Er lachte und hielt ihr den vollen Löffel hin.
„Halt! Der gehört wieder dir!“ schalt sie, denn sie wachte sorgsam darüber, daß die Teilung redlich vollzogen würde: erst sie einen Löffel, dann er einen Löffel — und dazu einen Kuß als Merkzeichen.
Als die Pfanne leer war, sagte sie erschrocken: „So, schön! Jetzt haben wir der Zenza gar nichts übrig lassen. Aber was sagst du! Jetzt ist die noch allweil nit da! Komm, wir müssen uns ein lützel umschauen nach ihr.“ Sie lief zur Tür hinaus und rief mit heller Stimme: „Zenza, Zenza!“ Ringsumher hörte sie nur das dumpfe Brüllen der Kühe und das ruhelose Gebimmel der Almglocken. Als Haymo zu ihr trat, sagte sie: „Wirst sehen, die hat sich im Wald verschlafen. Aber wart nur, ich find sie schon!“ Mit klappernden Schuhen lief sie gegen den Bergwald. Haymo haschte sie, und nun wanderten sie langsam, eins ans andere geschmiegt, dem Schatten der Bäume entgegen, den die sinkende Sonne schon dunkel und lang über das Almfeld warf. Als sie den Waldsaum erreichten, hatten sie schon wieder vergessen, was sie hierher geführt. Wo sie gingen, blühten mit dunklem Rot die Almrosen. Sie pflückten die schönsten der blühenden Zweige, und nach einer Weile prangte ein Strauß an Gittlis Mieder, ein anderer auf Haymos Kappe. Er legte den Arm um ihre Schulter, sie lehnte die Wange an seine Brust, und so wanderten sie dem Feuerpalfen zu, aus dessen verbranntem Rasen schon wieder die grünen Grasspitzen hervorlugten.

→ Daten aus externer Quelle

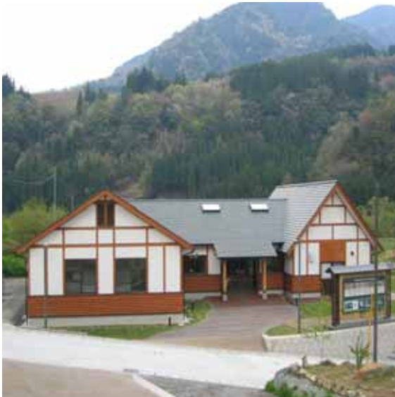
体験交流施設「 おだまき 緒環」

„Hast du nit daherdenken müssen in der Sonnwendnacht?“ fragte er leis.
Sie nickte errötend. „Und wie ich eingeschlafen bin, da hab ich geträumt.“
„Was denn?“
„Daß du mir eine Scheib getrieben hättst!“
„Aber, Narrerl, du liebs! Das hab ich ja doch getan!“ lachte er. „Die allergrößte hab ich getrieben für mein kleines Schatzl. Und geflogen ist sie, als wär die Sonn heruntergefallen.“
Sie umschlangen und küßten sich, als fänden sich ihre Lippen zum erstenmal. Kein Wunder, daß sie dabei die näherkommenden Schritte zweier Männer und einen stammelnden Ruf überhörten, der vom Saum des Waldes herklang.
Nun standen sie aneinandergeschmiegt und blickten still hinunter in die gähnende Tiefe. Glatt und schwarzgrün lag der See zwischen seinen felsigen, schon von dunklen Schatten umwobenen Ufern.